Ukraine: «Je retire de l’argent pour vous»

 

Les distributeurs d’argent sont hors service et les banques sont fermées depuis des mois à Donetsk, comme dans toute la zone de l’Ukraine de l’Est contrôlée par les rebelles prorusses. Alors pour les retraités, employés, fonctionnaires qui ne sont pas payés en liquide et pour tous les habitants qui veulent piocher dans leurs économies, il faut feinter.

Au bout du numéro inscrit sur l’annonce du marché central, il y a «Iouri». Il propose un rendez-vous. Il faut venir avec sa carte bancaire et lui faire un virement avec son téléphone portable. En 15 minutes, dit-il, il recevra un texto qui confirme le virement. Il donnera alors l’argent liquide en ponctionnant, au passage, une commission de 10%.

Dans un autre quartier, près de la gare routière, la même méthode a été développée mais à une échelle quasi industrielle.

 Banque clandestine

Dans cette rue commerçante, la parfumerie est devenue une banque clandestine. Devant la boutique, un rebelle en arme monte la garde. A l’intérieur de la petite boutique, un autre milicien est assis avec sa kalachnikov dans un coin. A côté de lui, quatre «opérateurs» sont installés devant des ordinateurs portables, liasses de billets en mains.

Il y une petite file d’attente devant chaque opérateur. Les «clients» donnent leur carte de crédit et leur numéro de téléphone. Les opérateurs font un virement en ligne et quand le texto d’accord tombe, ils donnent l’argent. Même retenue: 10%. Et impossible de savoir d’où viennent les dizaines de milliers de hryvnias en liquide stockés dans la parfumerie.

Sur des affichettes en noir et blanc collées sur la vitrine sont écrit les nouveaux horaires de la boutique, «08h – 17h» et cette précision: «on ne retire pas moins de mille hryvnias» (32 euros). Il y a aussi une liste des banques avec lesquelles la parfumerie ne travaille pas.

«C’est comme ça, c’est la guerre. J’ai besoin d’argent pour payer mon téléphone et mes provisions», explique en sortant de la parfumerie Alexandre, un retraité de 57 ans, qui souhaite conserver l’anonymat.

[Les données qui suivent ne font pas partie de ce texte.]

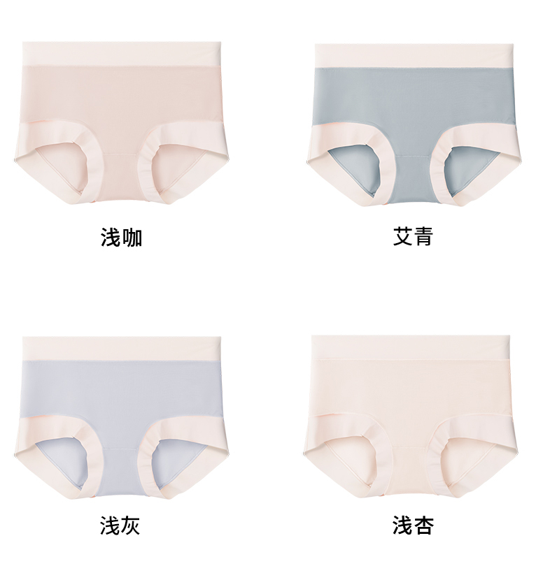 4条装猫人冰丝轻薄速干无痕女士内裤薄款中腰三角裤少女舒适简约透气短裤头MR7004-4A

Alexandre touche toujours sa pension de 3.500 hryvnias (114 euros) sur son compte. Mais il ne peut pas retirer l’argent. «Ça fait trois ou quatre mois que c’est comme ça. C’est Kiev qui est responsable de tout ça», se plaint-il.

Alexandre regrette de devoir s’acquitter d’une commission de 10% mais il est content d’avoir pu éviter un aller/retour en bus.

Laissez-passer difficile à obtenir

C’est l’autre méthode qu’utilisent beaucoup d’Ukrainiens de l’Est pour récupérer du liquide: un aller-retour à l’ouest de la ligne de front pour aller retirer de l’argent dans la zone toujours contrôlée par Kiev, là où les banques fonctionnent encore. Mais pour cela, il faut obtenir un «propousk», le laisser-passer qui permet de passer d’une zone à l’autre.

L’obtention de ce précieux sésame prend beaucoup de temps et de paperasses, quand il ne faut pas payer un bakchich pour être sûr de le décrocher.

Angélique et Maxime, un couple de cadres qui travaillent dans le secteur commercial, passent eux par leurs amis pour obtenir du liquide. «Dès qu’un ami ou une connaissance passe par Donetsk pour son travail, il nous apporte de l’argent. On le paye en faisant un virement par internet», dit Angélique qui préfère rester anonyme.

«Il n’y a pas le choix, il n’y a plus de système bancaire», dit-elle, pendant que son mari prend de l’essence dans une station du centre de Donetsk.

Quelques litres d’essence seulement car les prix ont explosé depuis que la monnaie ukrainienne est en chute libre. A la pompe, le litre d’essence coûtait dimanche deux fois plus cher qu’il y a deux semaines. Quatre fois plus qu’au début du conflit.